The transition of AI from inside operational processes to outside processes typically involves the evolution of AI applications from narrow, task-specific implementations to broader, tactical, or strategic capabilities that impact various aspects of the business that cross traditional organizational boundaries. It includes the following:


· Scaling AI Across the Organization

· Integrating with Enterprise Systems

· Cross-Functional Collaboration

· Strategic Alignment and Executive Sponsorship

· Data Governance and Quality Assurance

· Continuous Learning and Improvement

· Partnerships and Ecosystem Collaboration

AI at the Tactical Level

At the tactical level, AI can contribute to essential cross-functional efforts and processes that require constant monitoring and adjustments that are tied to goals (static or emergent). Examples include:

· Customer Relationship Management: Besides the usual inquiry aid, AI can segment customers and proactively predict customer churn.

· Sales and Marketing: AI can drive better lead identification and suggest products/services to those leads. By analyzing activity, AI can target offers individually or with campaigns.

· Supply Chain Management: AI can forecast demand and market trends and tune logistics optimization dynamically while optimizing transportation costs.

· Operations and Manufacturing: AI can optimize production schedules, suggest improvements, and manage energy efficiency.

· Human Resources: AI can streamline recruitment and analyze employee performance for career development.

AI at the Strategic Level

At the strategic level, AI can contribute to the organization's executive level as it monitors the attainment of conflicting goals while maintaining profitability and reputation as a good community member locally and a great place to work while appealing for future investment. It is where emerging conditions must be monitored and intercepted and, where appropriate, changes. AI can start with being a sentinel, but bigger toles may be possible regarding the freedom to act independently. Examples include:

· Market Analysis and Competitive Intelligence: AI algorithms can analyze vast amounts of data from diverse resources to provide insights into market dynamics while identifying opportunities and threats from the competition.

· Forecasting and Planning: AI-powered predictive analytics can forecast future trends, demand patterns, and potential business outcomes, which might mean adjusting capital and resource allocation, inventory management, and production/service planning to optimize efficiency and reduce risk.

· Risk Management and Mitigation: AI can analyze various event patterns and data to identify potential risks and vulnerabilities, such as fraud, cybersecurity threats, and market fluctuations. It allows for proactive risk mitigation and safeguarded assets.

· Strategic Decisions: While AI might not make the decisions initially, AI-powered decision support systems can simulate various scenarios and the likelihood of them happening and have a plan of action.

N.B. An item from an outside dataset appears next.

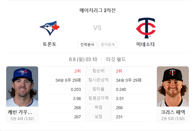 6월 8일 MLB 메이저리그 토론토 블루제이스 VS 미네소타 트윈스 타카짱의 경기 예측 분석
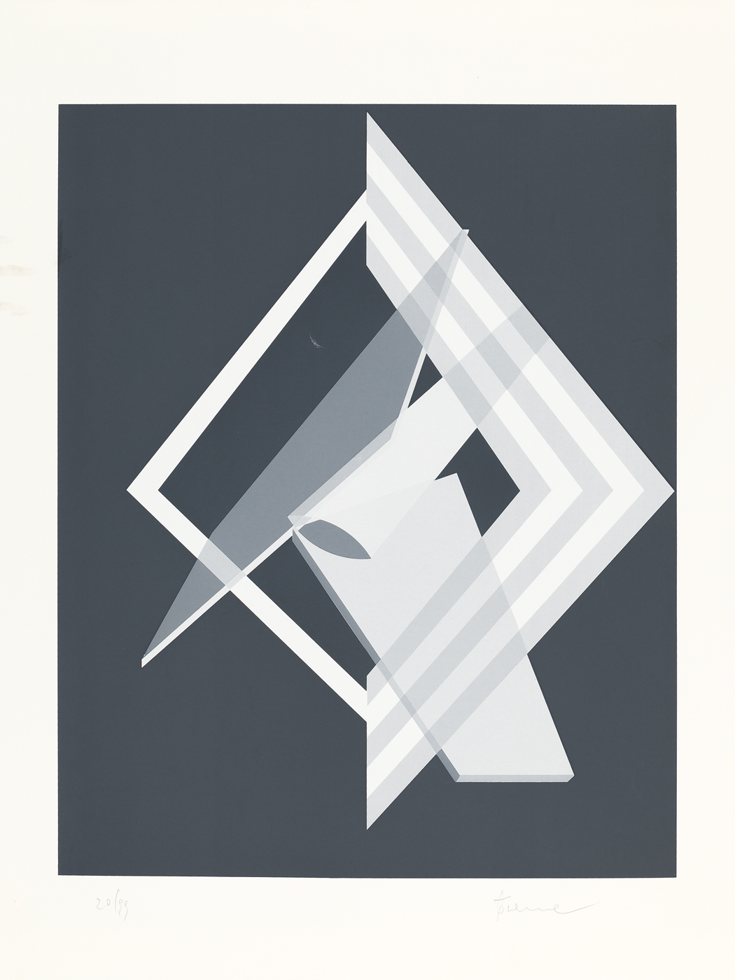 Firma e numerazione (Esemplari 20/99) a matita al fronte di ciascuna serigrafia

Whether it is a new market or investment, AI can help.

· Product and Service Innovation: AI technologies can be baked into offerings to create new products and services. Examples include computer vision, machine learning, voice-driven sentiment analysis, and intelligent service bots.

Net; Net:

AI will be going inside out and will have more influence on business outcomes at our organizations' operational, tactical, and strategic levels. The question is, what level of freedom will AI be given to act independently, especially if we get into an AI arms race in individual industries or between countries with very different value systems? It is inevitable unless AI has some overall meltdown. I have yet to see AI taking over from humans at the highest level of risk. The question for me is, "Will AI only be used for GOOD once it is given freedom, or Will it also be used for EVIL?" That is a topic for another day. AI will be used successfully as it has proven helpful in many use cases, with more coming. Will the winds of change rip the inside-out umbrella of AI out of our hands?